Accrued interest shall be payable monthly, in arrears, commencing April 1, 1995
and continuing on the first day of each successive month thereafter through and
including January 1, 1996. Interest which accrues hereunder from January 1, 1996
through and including January 31, 1996 shall be due and payable on January 31,
1996. Interest from the date hereof through January 31, 1996 shall be charged at
a per annum rate equal to the Base Rate plus one-half (1/2) point (the "VARIABLE
RATE"). In the event the Base Rate prevailing on the date hereof is subsequently
increased or decreased, then, as of the date of change, an increase or decrease
will be made in the Variable Rate so that the Variable Rate shall at all times
be one-half (1/2) point in excess of the Base Rate; provided, however, that at
no time shall the Variable Rate be more than the rate of interest permitted by
the law governing this Note. The "BASE RATE" is herein defined to mean the
interest rate announced from time to time by the Lender as its base


                                       1
<PAGE>
 
rate. The Base Rate is not necessarily the lowest rate available. On the date
hereof the Base Rate is 8.50%.

     At any time prior to January 31, 1996 (the "MATURITY DATE"), the Borrower
may convert the interest rate payable hereunder to a fixed rate ("FIXED RATE")
equal to (1) two hundred twenty-five (225) basis points over the Lender's cost
of funds rate, which cost of funds rate will be based on the number of months
remaining until the Maturity Date, calculated three (3) business days prior to
the effective date of such interest rate conversion or (2) the LIBOR Rate quoted
by the Lender two (2) business days prior to the interest period agreed upon
between the Borrower and the Lender (the "INTEREST PERIOD") for the offering by
prime commercial banks to other prime commercial banks in the interbank
Eurodollar market of dollar deposit for a period equal to the Interest Period.
The LIBOR Rate shall be increased by the marginal reserve percentages as
prescribed by the Board of Governors of the Federal Reserve System for
determining reserve requirements for the Lender for Eurodollar deposits having a
maturity equal to the Interest Period.

     If the interest rate in effect under this note is the Variable Rate, the
Borrower may prepay this Note in whole or in part at any time without penalty.
All such prepayments shall be applied on account of principal remaining unpaid
and shall be accompanied by payment of unpaid late charges and accrued and
unpaid interest, if any, thereon.

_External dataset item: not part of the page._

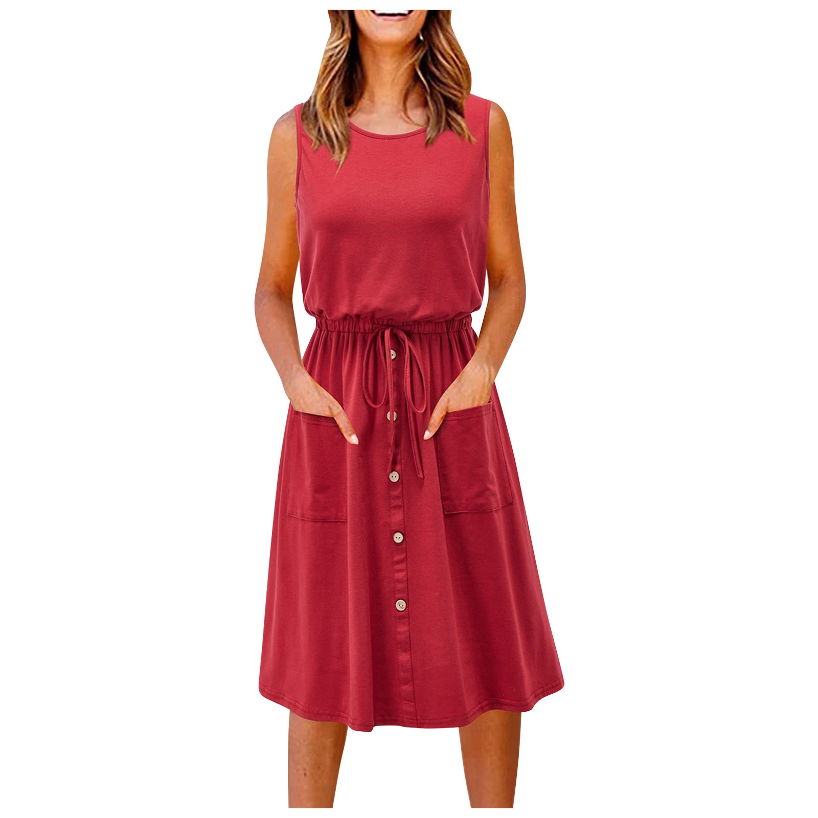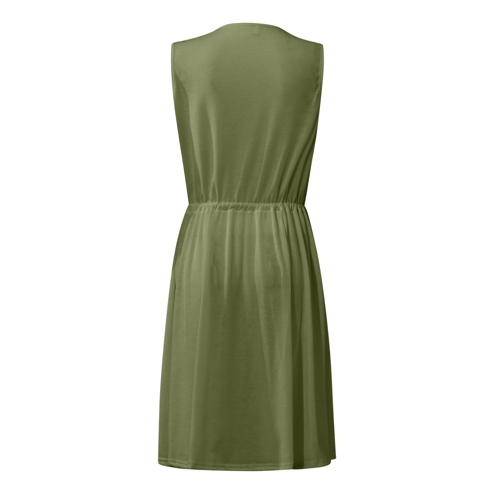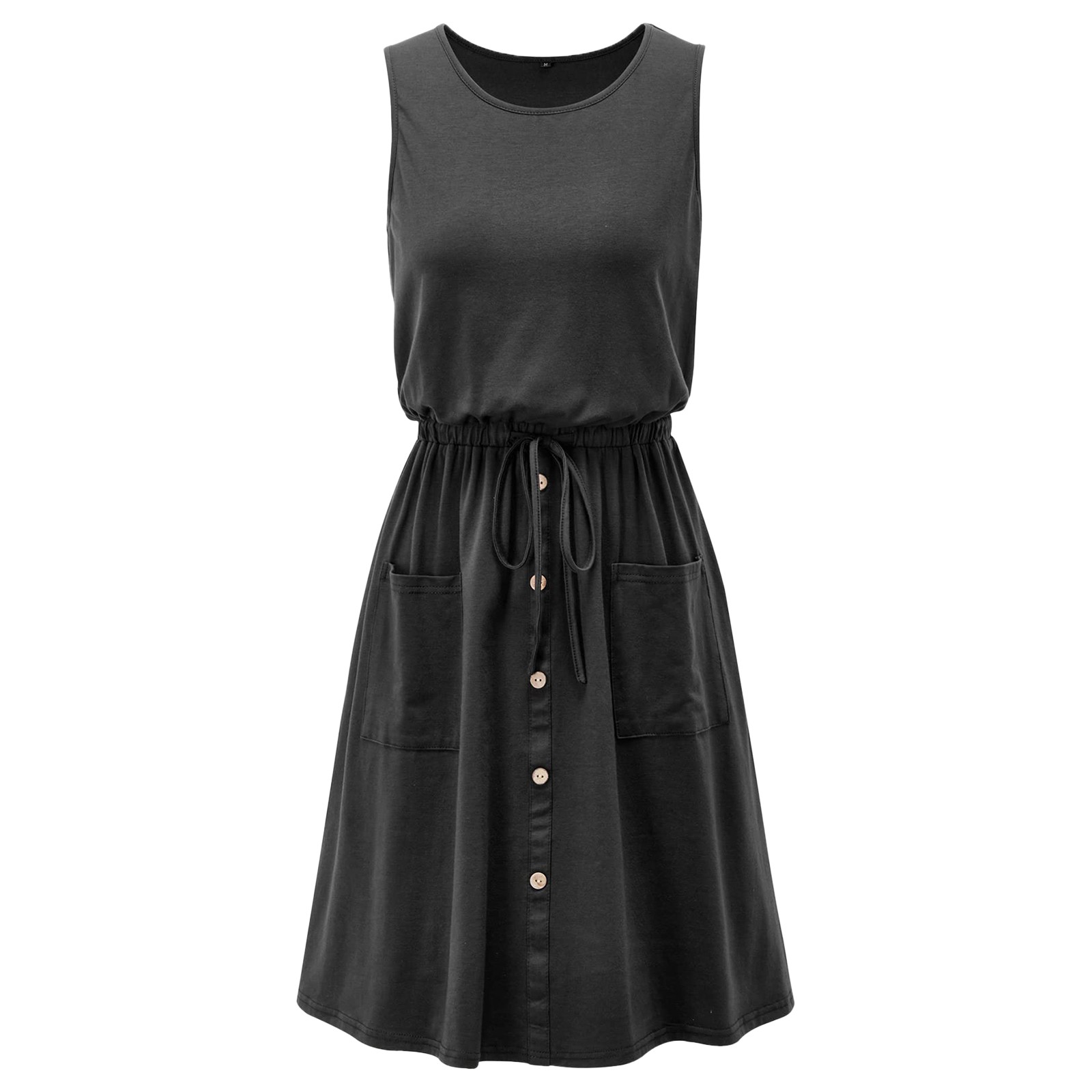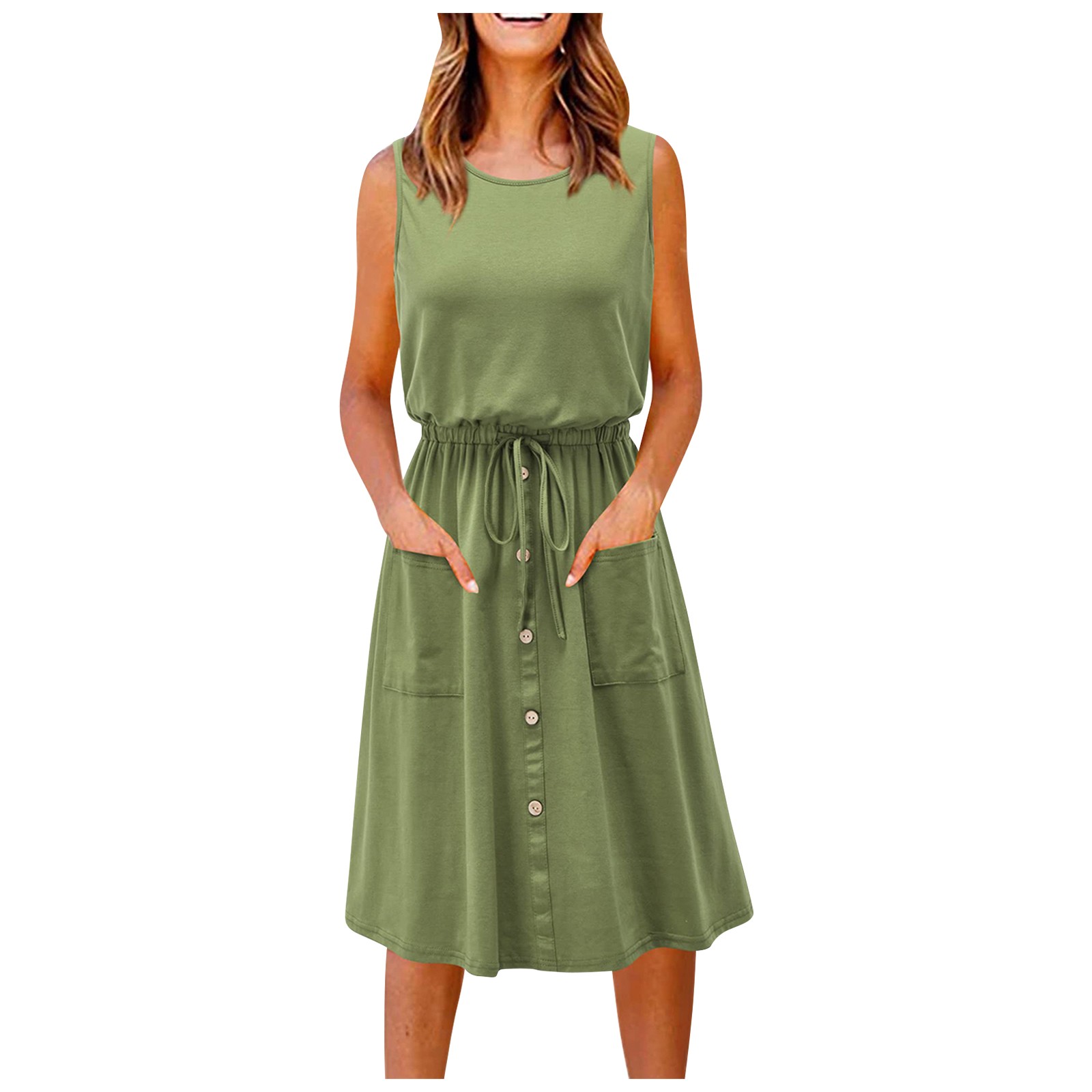 Women's Casual Fashion Solid Color Round Neck Drawstring Sleeveless Dress

All partial prepayments of principal shall be
credited to the unpaid principal of this Note in the inverse order of maturity
and shall not affect the Borrower's obligation to make the regular installments
required hereunder until this Note is fully paid.

     If the interest rate in effect under this Note is a Fixed Rate, the
Borrower may not prepay this Note except as set forth in this paragraph. Under
no circumstances may there by a partial prepayment of this Note. The Borrower
may prepay only the entire unpaid balance of this Note upon payment of such
amounts, as determined by the Lender, in its sole and absolute discretion, as
may be necessary to reimburse the Lender for any losses and expenses incurred by
the Lender as a result of prepayment of this Note, including without limitation
any losses (including loss of anticipated profits) and expenses incurred by
reason of the liquidation or re-employment of deposits or other funds acquired
by the Lender to fund or maintain this Note. The Borrower hereby acknowledges
that in reliance upon this agreement, the Lender has made certain commitments of
funds upon the terms and conditions of this Note. In the event that this Note is
accelerated for any reason whatsoever by the Lender, such payment of the
Lender's losses and expenses shall be paid by the Borrower.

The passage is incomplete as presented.